For this exercise, print the listing below exactly, without its pictures.
START Source material
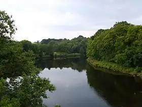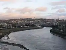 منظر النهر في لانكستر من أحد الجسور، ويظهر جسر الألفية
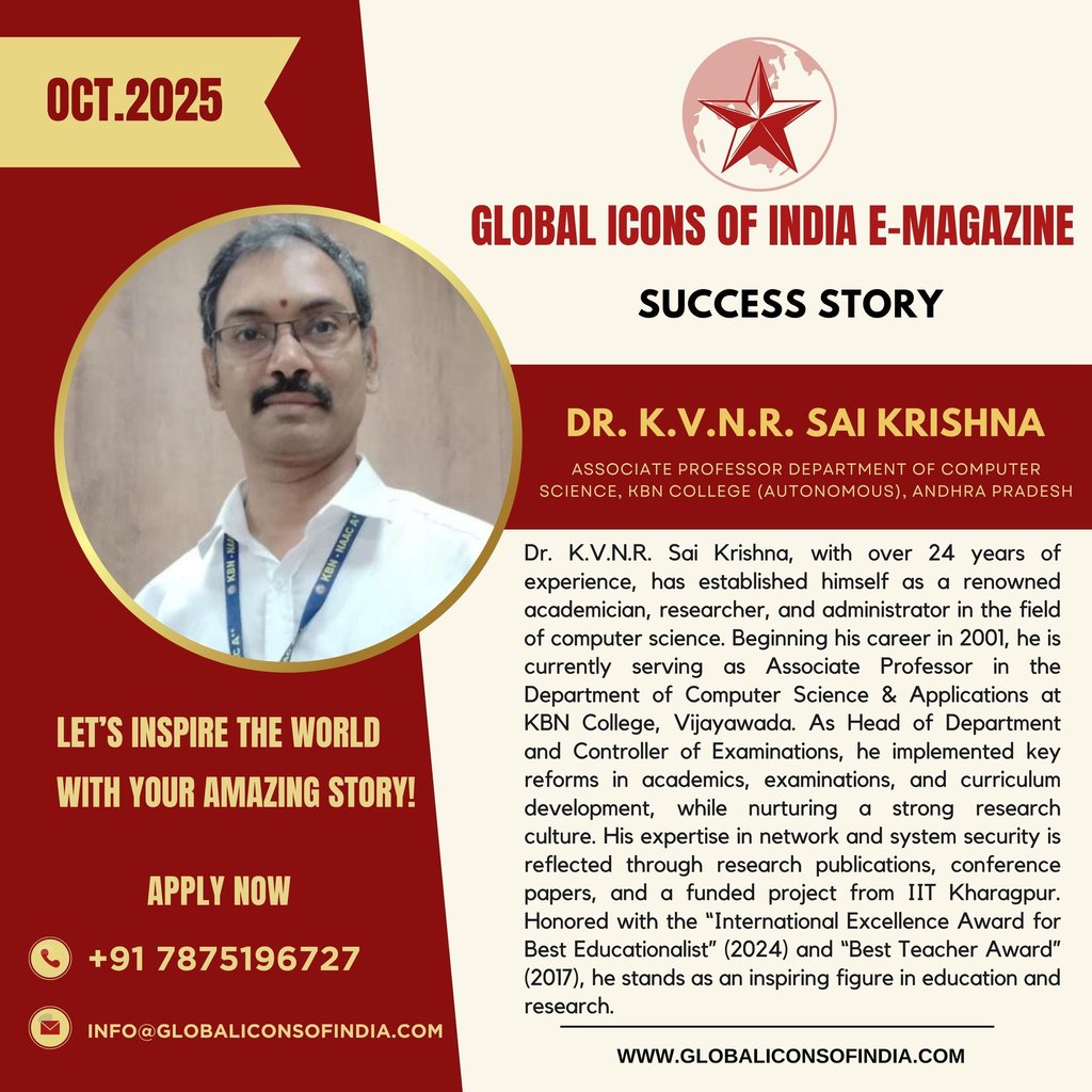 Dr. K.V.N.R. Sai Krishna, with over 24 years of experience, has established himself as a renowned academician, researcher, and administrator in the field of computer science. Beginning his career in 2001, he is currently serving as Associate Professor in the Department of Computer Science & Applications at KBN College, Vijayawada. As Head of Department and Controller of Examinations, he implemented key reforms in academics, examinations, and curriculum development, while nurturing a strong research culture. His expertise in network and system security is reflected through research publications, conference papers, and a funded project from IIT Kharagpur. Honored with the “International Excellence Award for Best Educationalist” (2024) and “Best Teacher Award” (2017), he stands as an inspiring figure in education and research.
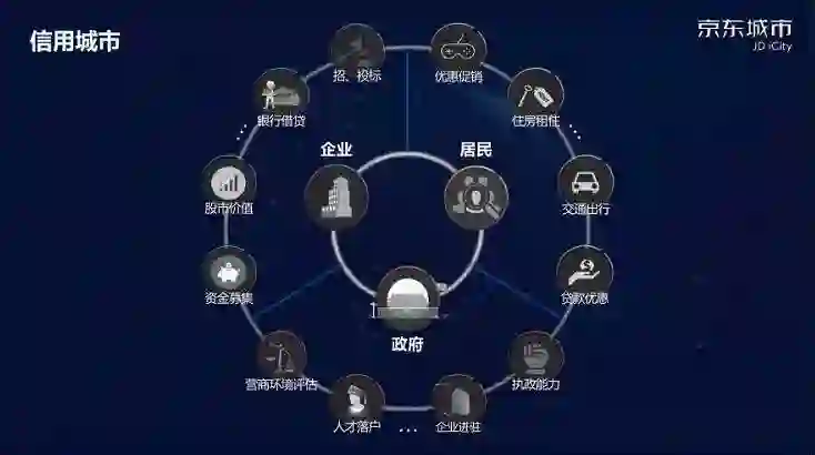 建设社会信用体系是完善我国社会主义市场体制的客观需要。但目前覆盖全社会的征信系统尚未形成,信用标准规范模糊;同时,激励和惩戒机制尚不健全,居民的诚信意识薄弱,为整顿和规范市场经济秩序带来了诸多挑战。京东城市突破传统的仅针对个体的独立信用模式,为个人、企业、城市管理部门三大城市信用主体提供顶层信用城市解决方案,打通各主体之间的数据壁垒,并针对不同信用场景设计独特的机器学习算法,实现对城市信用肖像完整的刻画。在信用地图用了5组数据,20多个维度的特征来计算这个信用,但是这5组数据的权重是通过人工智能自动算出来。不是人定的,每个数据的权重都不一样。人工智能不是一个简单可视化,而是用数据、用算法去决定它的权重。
END Source material
*Response to this task*.
 منظر النهر في لانكستر من أحد الجسور، ويظهر جسر الألفية
 Dr. K.V.N.R. Sai Krishna, with over 24 years of experience, has established himself as a renowned academician, researcher, and administrator in the field of computer science. Beginning his career in 2001, he is currently serving as Associate Professor in the Department of Computer Science & Applications at KBN College, Vijayawada. As Head of Department and Controller of Examinations, he implemented key reforms in academics, examinations, and curriculum development, while nurturing a strong research culture. His expertise in network and system security is reflected through research publications, conference papers, and a funded project from IIT Kharagpur. Honored with the “International Excellence Award for Best Educationalist” (2024) and “Best Teacher Award” (2017), he stands as an inspiring figure in education and research.
 建设社会信用体系是完善我国社会主义市场体制的客观需要。但目前覆盖全社会的征信系统尚未形成,信用标准规范模糊;同时,激励和惩戒机制尚不健全,居民的诚信意识薄弱,为整顿和规范市场经济秩序带来了诸多挑战。京东城市突破传统的仅针对个体的独立信用模式,为个人、企业、城市管理部门三大城市信用主体提供顶层信用城市解决方案,打通各主体之间的数据壁垒,并针对不同信用场景设计独特的机器学习算法,实现对城市信用肖像完整的刻画。在信用地图用了5组数据,20多个维度的特征来计算这个信用,但是这5组数据的权重是通过人工智能自动算出来。不是人定的,每个数据的权重都不一样。人工智能不是一个简单可视化,而是用数据、用算法去决定它的权重。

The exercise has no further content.